On Wed, 13 May 2015, Stefan Behnel wrote:
Date: Wed, 13 May 2015 17:45:23 +0200 From: Stefan Behnel <stefan_ml@behnel.de> To: lxml mailing list <lxml@lxml.de> Subject: Re: [lxml] cleanup namespaces and XML elements with QNames
Tom Kralidis schrieb am 13.05.2015 um 16:34:
On Wed, 13 May 2015, Stefan Behnel wrote:
I'm getting this as output:
<ogc:Filter xmlns:ogc="http://www.opengis.net/ogc"> <ogc:typeName>gml:Envelope</ogc:typeName> <ogc:typeName>gml:Envelope</ogc:typeName> </ogc:Filter>
So your problem is that "gml:Envelope" is actually text content and not structure, which means that lxml ignores it when removing unused namespace declarations (and the "gml" prefix is really unused, except that some downstream processor wants it to be there).

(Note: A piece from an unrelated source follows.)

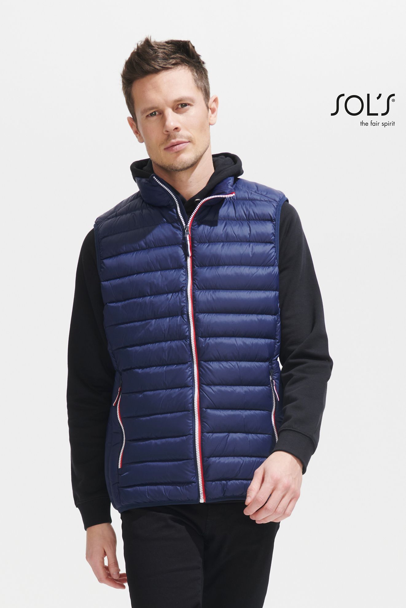 МУЖСКОЙ ЛЕГКИЙ БОДИВАРМЕР. Застежка-молния; 2 передних кармана на молнии; 2 внутренних кармана; Трехцветные детали; Система "in bag": складывается в мешочек на шнурке со стопорами

QName() is only special at the time of assignment. Afterwards, it's turned into regular text content. So there is no way lxml could figure out later that it's something it needs to care about.
Is there value to adding an optional argument to etree.cleanup_namespaces (like preserve_qname_text_content=False or something) which could be implemented? This would then require some sort of register of element text which is QName'd.
I'd rather add an option to prevent a specific sequence/set of prefixes from being removed from the tree. Together with the new option "top_nsmap" in the next version that allows you to move certain declarations to the root element and prevent them from being dropped.
Finding out which prefixes are used in text content is an application specific problem and should be handled on that side. I'd be surprised if this needed more than 5 lines of Python code in your case.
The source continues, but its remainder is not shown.